The whole listing should come back exactly as written, except for the pictures.

_RAW DATA_:
━━━━━━━━━━━━━━━━━━━━

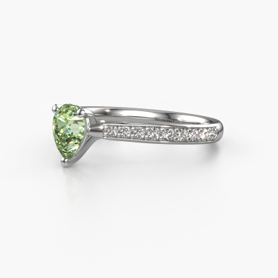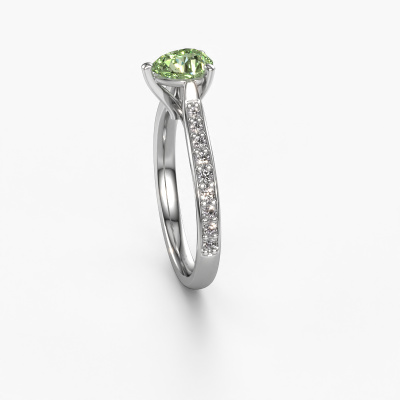 The ring shown above is called the Mignon per 2. We call this type of ring a pavé solitaire ring because it has one centre gemstone and a band that is also pave set with gemstones. The platinum engagement ring is set with a pear 6.5x4.5 mm green lab grown diamond centre stone and the band is pave set with diamond gemstones. Each jewel is made just for you by our master goldsmiths in our own studio.This trendy platinum pavé solitaire engagement ring has an exquisite pear green lab grown diamond centre stone. To further accentuate the centre stone, the band is fully set with more diamonds. Its open prong setting allows light to strike the green lab grown diamond from various angles and this adds sparkle to your green lab grown diamond ring. The photo shown above depicts the goldsmith's carefully handcrafted details of the ring. The high positioning of the centre stone is truly eye-catching. The perfect engagement ring for the crown jewel of your life! Are you on a budget? Please feel free to contact us, so we can go discuss your options. We offer our engagement rings at guaranteed best price, because we make them to order. You won't find such a price anywhere else!Our team adds new designs to our online collection daily. Our designers and goldsmiths work together in creating the best design. We strive to offer a diverse collection of jewels. Perhaps you have a specific jewel design in mind. One you came across somewhere. Please contact us for a free consultation. We will make you an offer, based on a fair price/ quality ratio, that will baffle you.To make it easier for you, we offer a 30 day return policy. Check our terms and conditions.
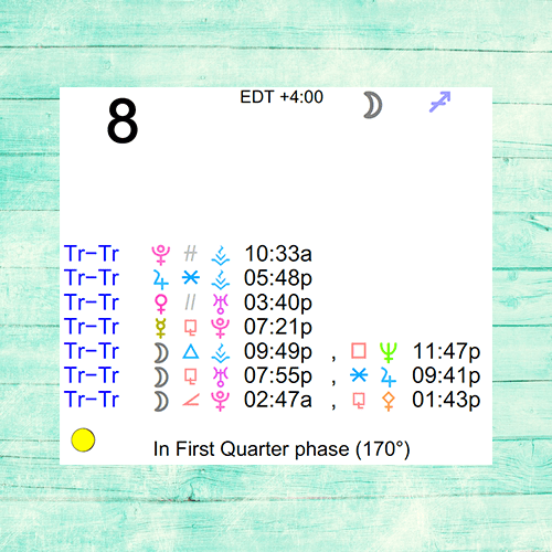 The following aspects (major only) and positions are at noon (EDT) on June 8th:
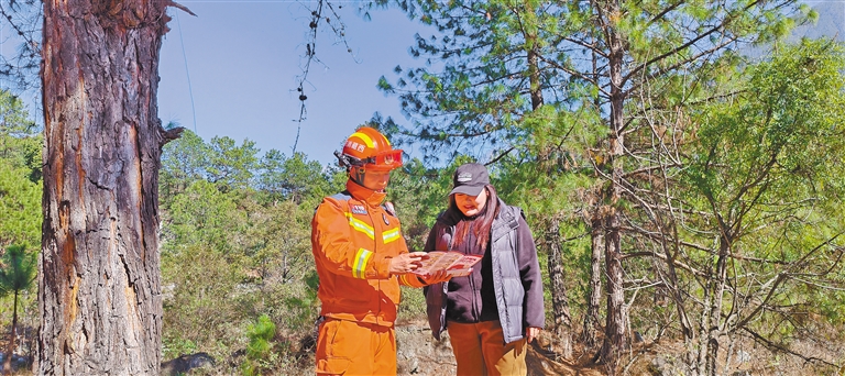 林芝市察隅县消防救援大队宣传员走进旅游景区,为游客科普林区防火常识。 本报通讯员 肖暄 摄

━━━━━━━━━━━━━━━━━━━━

_RESPONSE TO THIS EXERCISE_:
 The ring shown above is called the Mignon per 2. We call this type of ring a pavé solitaire ring because it has one centre gemstone and a band that is also pave set with gemstones. The platinum engagement ring is set with a pear 6.5x4.5 mm green lab grown diamond centre stone and the band is pave set with diamond gemstones. Each jewel is made just for you by our master goldsmiths in our own studio.This trendy platinum pavé solitaire engagement ring has an exquisite pear green lab grown diamond centre stone. To further accentuate the centre stone, the band is fully set with more diamonds. Its open prong setting allows light to strike the green lab grown diamond from various angles and this adds sparkle to your green lab grown diamond ring. The photo shown above depicts the goldsmith's carefully handcrafted details of the ring. The high positioning of the centre stone is truly eye-catching. The perfect engagement ring for the crown jewel of your life! Are you on a budget? Please feel free to contact us, so we can go discuss your options. We offer our engagement rings at guaranteed best price, because we make them to order. You won't find such a price anywhere else!Our team adds new designs to our online collection daily. Our designers and goldsmiths work together in creating the best design. We strive to offer a diverse collection of jewels. Perhaps you have a specific jewel design in mind. One you came across somewhere. Please contact us for a free consultation. We will make you an offer, based on a fair price/ quality ratio, that will baffle you.To make it easier for you, we offer a 30 day return policy. Check our terms and conditions.
 The following aspects (major only) and positions are at noon (EDT) on June 8th:
 林芝市察隅县消防救援大队宣传员走进旅游景区,为游客科普林区防火常识。 本报通讯员 肖暄 摄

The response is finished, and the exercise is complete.